Record excerpts:

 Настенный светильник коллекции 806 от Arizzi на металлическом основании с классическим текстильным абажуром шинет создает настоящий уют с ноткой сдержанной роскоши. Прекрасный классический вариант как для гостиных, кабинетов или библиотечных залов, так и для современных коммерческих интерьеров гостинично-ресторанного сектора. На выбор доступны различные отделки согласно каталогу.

---

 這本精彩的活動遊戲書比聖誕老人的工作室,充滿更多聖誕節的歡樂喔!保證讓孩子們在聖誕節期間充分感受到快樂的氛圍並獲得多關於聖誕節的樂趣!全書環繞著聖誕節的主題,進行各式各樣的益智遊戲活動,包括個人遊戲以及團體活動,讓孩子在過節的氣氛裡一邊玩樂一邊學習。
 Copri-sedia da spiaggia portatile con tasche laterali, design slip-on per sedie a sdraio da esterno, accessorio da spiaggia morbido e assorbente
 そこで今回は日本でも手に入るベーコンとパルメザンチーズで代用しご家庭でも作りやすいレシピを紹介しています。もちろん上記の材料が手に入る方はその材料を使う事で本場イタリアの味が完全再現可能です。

* * *

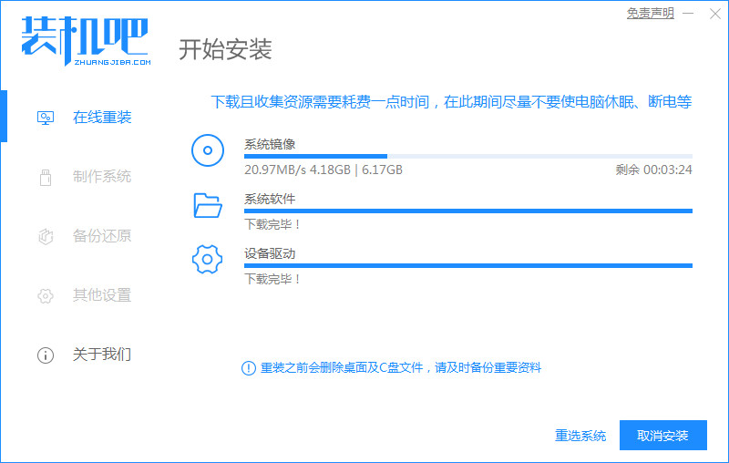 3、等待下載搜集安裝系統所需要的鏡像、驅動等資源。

Task instructions: Could you restate word for word the lines above, from the one that contains "這本精彩的活動遊戲書比聖誕老" through the one that contains "そこで今回は日本でも手に入る", and no others?

Solved problem:
 這本精彩的活動遊戲書比聖誕老人的工作室,充滿更多聖誕節的歡樂喔!保證讓孩子們在聖誕節期間充分感受到快樂的氛圍並獲得多關於聖誕節的樂趣!全書環繞著聖誕節的主題,進行各式各樣的益智遊戲活動,包括個人遊戲以及團體活動,讓孩子在過節的氣氛裡一邊玩樂一邊學習。
 Copri-sedia da spiaggia portatile con tasche laterali, design slip-on per sedie a sdraio da esterno, accessorio da spiaggia morbido e assorbente
 そこで今回は日本でも手に入るベーコンとパルメザンチーズで代用しご家庭でも作りやすいレシピを紹介しています。もちろん上記の材料が手に入る方はその材料を使う事で本場イタリアの味が完全再現可能です。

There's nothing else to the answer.